■ Task requirements ■
Leave out any picture and return the remaining listing below exactly as given.

---------- Source data ----------

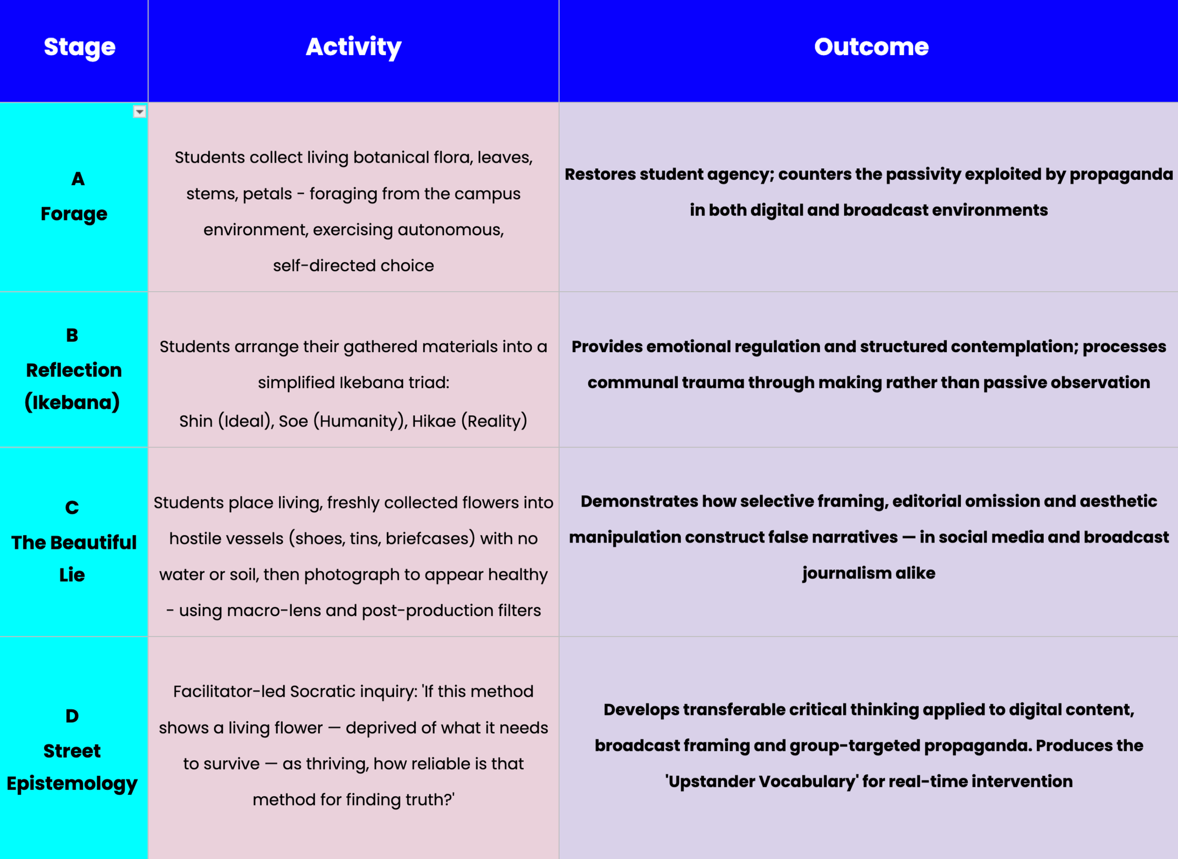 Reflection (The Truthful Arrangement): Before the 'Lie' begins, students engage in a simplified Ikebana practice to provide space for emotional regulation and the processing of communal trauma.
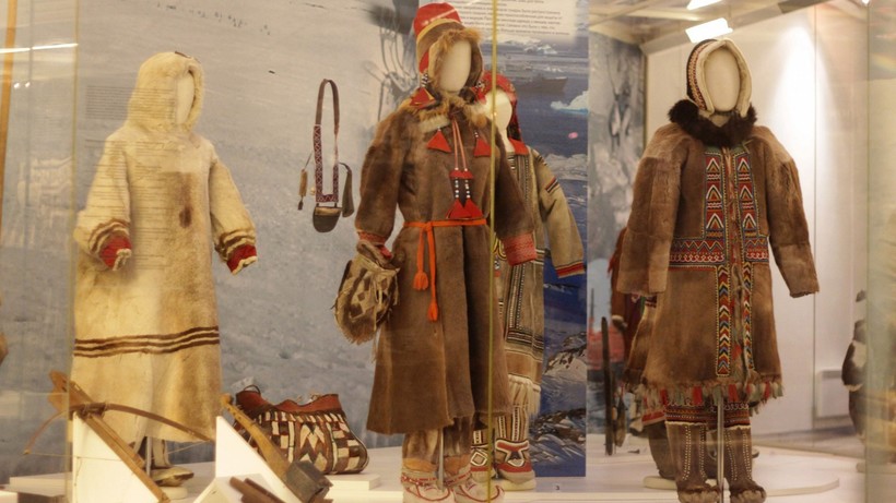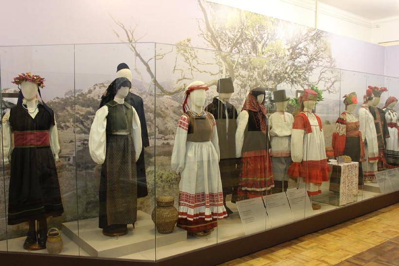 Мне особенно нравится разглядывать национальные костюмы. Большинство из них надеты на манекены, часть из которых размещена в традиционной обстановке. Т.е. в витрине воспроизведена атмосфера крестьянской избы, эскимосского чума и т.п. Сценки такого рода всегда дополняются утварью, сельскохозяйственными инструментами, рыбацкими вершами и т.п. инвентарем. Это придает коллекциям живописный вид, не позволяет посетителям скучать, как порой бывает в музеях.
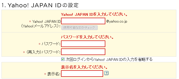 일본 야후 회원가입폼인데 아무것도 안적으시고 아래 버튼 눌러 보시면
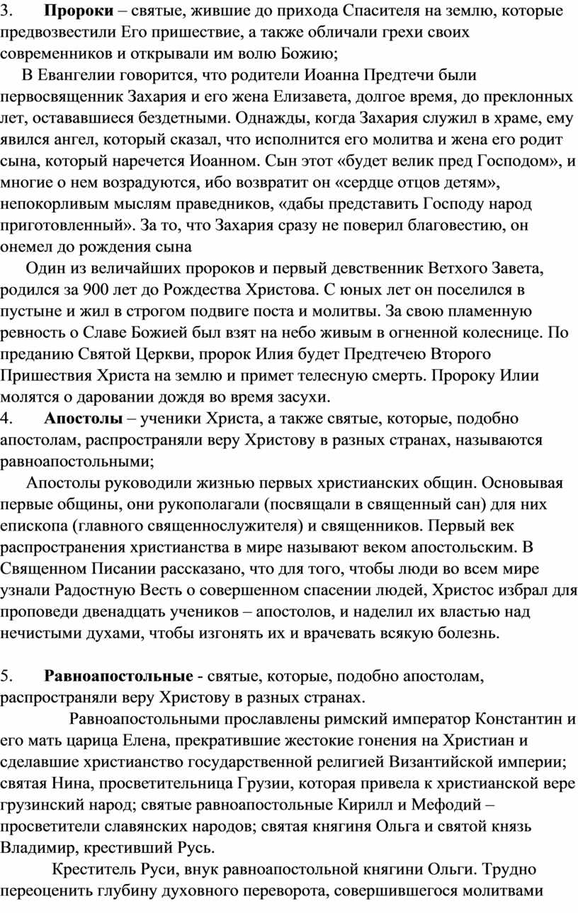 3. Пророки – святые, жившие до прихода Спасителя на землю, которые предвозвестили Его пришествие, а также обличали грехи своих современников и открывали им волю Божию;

----------

■ Task answer ■
 Reflection (The Truthful Arrangement): Before the 'Lie' begins, students engage in a simplified Ikebana practice to provide space for emotional regulation and the processing of communal trauma.
 Мне особенно нравится разглядывать национальные костюмы. Большинство из них надеты на манекены, часть из которых размещена в традиционной обстановке. Т.е. в витрине воспроизведена атмосфера крестьянской избы, эскимосского чума и т.п. Сценки такого рода всегда дополняются утварью, сельскохозяйственными инструментами, рыбацкими вершами и т.п. инвентарем. Это придает коллекциям живописный вид, не позволяет посетителям скучать, как порой бывает в музеях.
 일본 야후 회원가입폼인데 아무것도 안적으시고 아래 버튼 눌러 보시면
 3. Пророки – святые, жившие до прихода Спасителя на землю, которые предвозвестили Его пришествие, а также обличали грехи своих современников и открывали им волю Божию;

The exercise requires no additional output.